* TASK
After locating "5月23日,南京航空航天大学" in the listing below, copy that line and each one after it exactly, ending with the line that has "这款衣服是AAAAA 1:1 质量".

* PROVIDED RECORDS
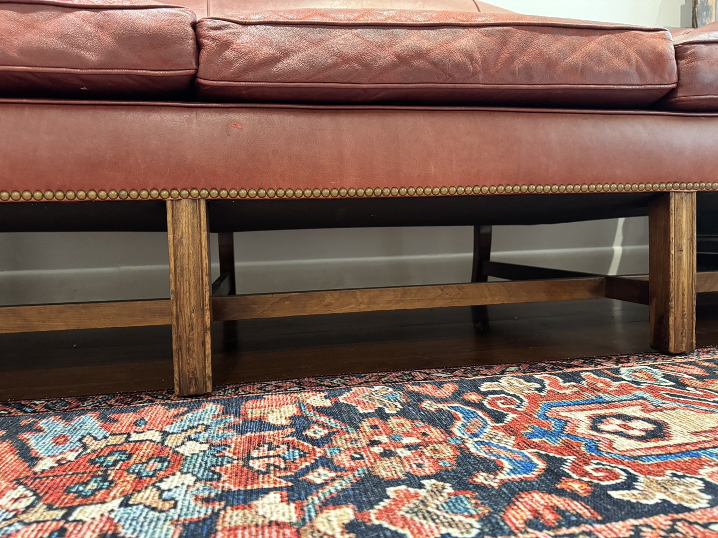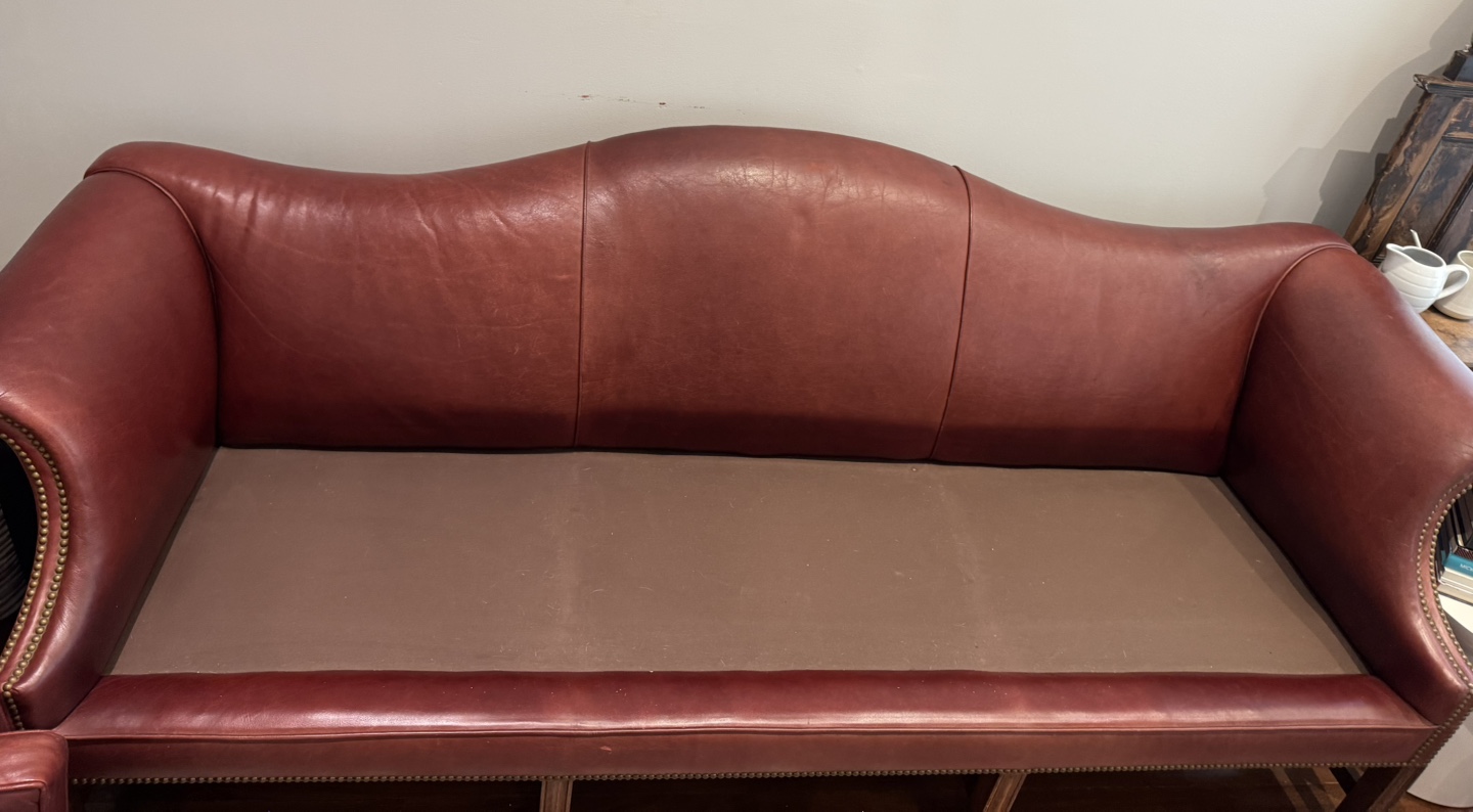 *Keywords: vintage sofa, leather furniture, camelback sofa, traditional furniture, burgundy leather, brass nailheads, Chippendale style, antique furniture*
...
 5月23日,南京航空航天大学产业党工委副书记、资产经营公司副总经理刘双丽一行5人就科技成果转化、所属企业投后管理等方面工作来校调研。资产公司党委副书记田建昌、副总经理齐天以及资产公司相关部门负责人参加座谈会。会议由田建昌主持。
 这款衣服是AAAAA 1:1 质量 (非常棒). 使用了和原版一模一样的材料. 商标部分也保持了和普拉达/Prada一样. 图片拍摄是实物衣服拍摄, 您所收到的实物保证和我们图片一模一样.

* ANSWER SPACE
 5月23日,南京航空航天大学产业党工委副书记、资产经营公司副总经理刘双丽一行5人就科技成果转化、所属企业投后管理等方面工作来校调研。资产公司党委副书记田建昌、副总经理齐天以及资产公司相关部门负责人参加座谈会。会议由田建昌主持。
 这款衣服是AAAAA 1:1 质量 (非常棒). 使用了和原版一模一样的材料. 商标部分也保持了和普拉达/Prada一样. 图片拍摄是实物衣服拍摄, 您所收到的实物保证和我们图片一模一样.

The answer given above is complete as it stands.